Right, firstly according to Airliners.net forums, each airline has different chime meanings.

However, on Yahoo, we have a list of all of the chimes - but presumably it's for a specific plane, and it doesn't say which:

Generally they are as follows:-

1 x chime for a passenger call bell

2 x chimes if the crew are calling each other

2 x chimes to indicate takeoff and landing

5 x hi / low chimes an emergency!!!

2x bong!! for the seatbelt sign flashing for top of climb for crew to be released and same again for crew to be seated for landing!

3x Chimes if toilet smoke detector activated

1x Chime for toilet call bell 1x HIGH, HIGH LOW Chime for emergency Interphone call to Manager

1x LOW LOW HIGH Chime for Crew help needed!
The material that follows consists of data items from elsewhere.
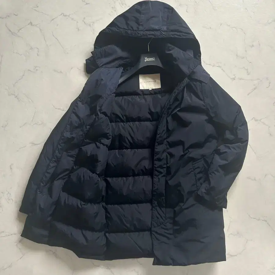 컨디션 최상 매킨토시 다운 코트 후디 히요쿠 버튼 38 M 네이비 컬러
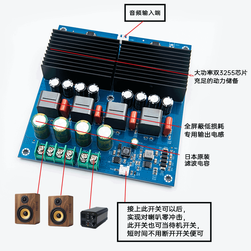 双TPA3255HIFI发烧大功率功放板双声道600W+600W立体声
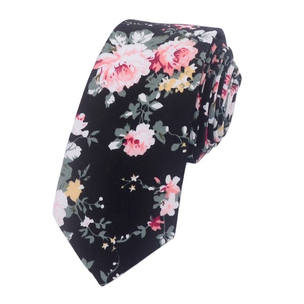 This men's cotton skinny tie with floral print design is classic and stylish.
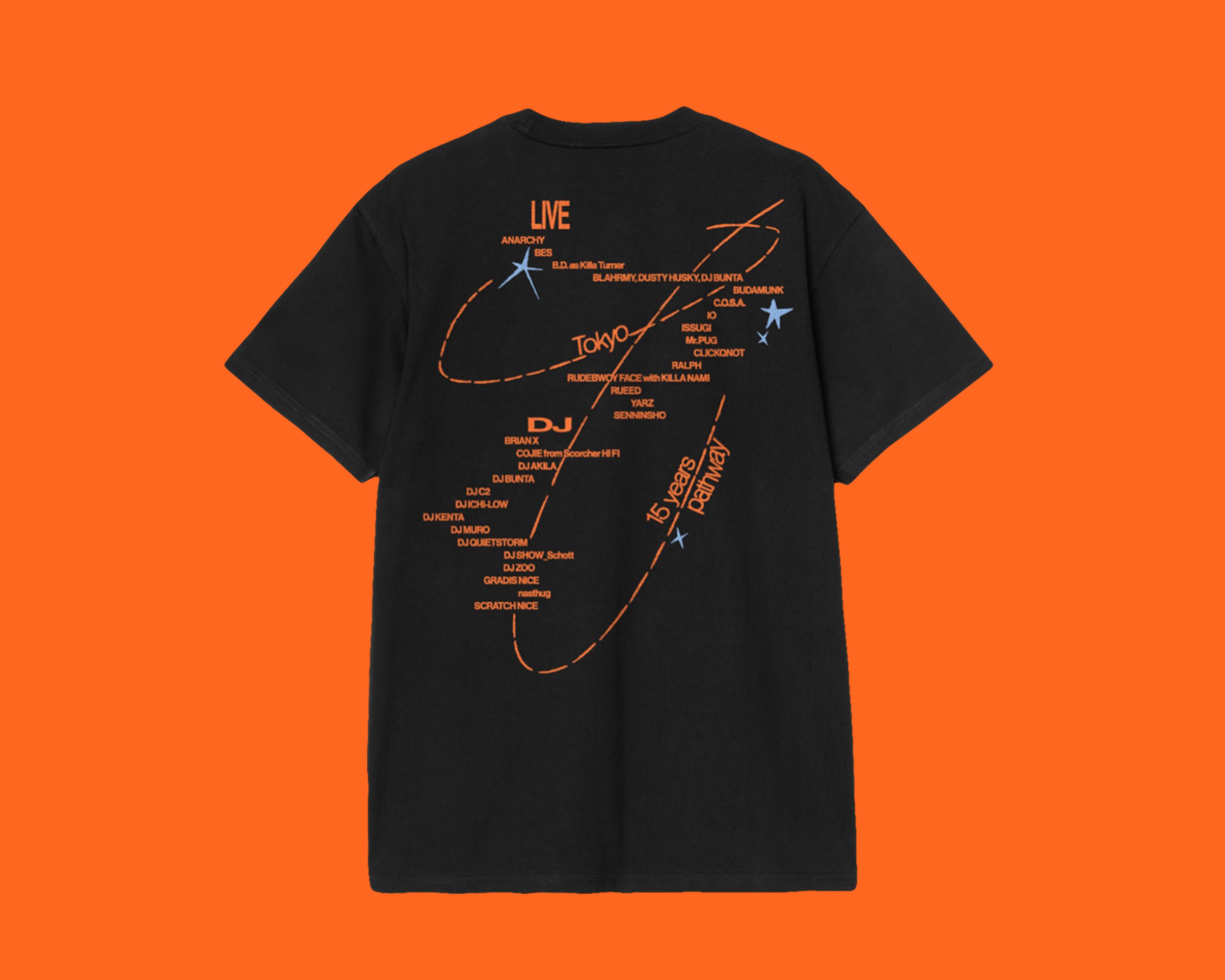 Graphic for “SOAR”, a concert celebrating 15 years of Carhartt WIP Japan. Featured on T-shirts, a crewneck, and posters, and more.

If you listen carefully the are two tones of call chime. A high and a low. These will vary depending on operator and aircraft type!

This is confirmed again on Airlines.net, where they show that for Canadian Airlines it's as follows:

1 bell - passenger call, lav call, change in cabin signs, five minute warning prior to landing, crew communication via interphone

2 bells - F/A to contact the flight deck for a message

3 bells - Take-off or landing imminent - take your jump seat

5 bells on the ground - evacuate

5 bells inflight - F/A to report immediately to the flight deck to receive emergency instructions

The same forums have another page with information on NW, Continental and others, so it would certainly seem to vary from company to company.

  • Canadian Airlines ceased operations in 2001, suggesting that's not a super up-to-date resource Oct 25, 2015 at 15:01
  • @KateGregory indeed, but it still shows the point that each airline has differed - there not being a standard. Although I suppose hypothetically they could have been standardised since then, although the other links would seem to indicate not.
    – Mark Mayo
    Oct 26, 2015 at 0:22
  • Great, now I'm going to be anxious whenever I hear 3 chimes in-flight because I'll be expecting to hear 2 more right afterwards.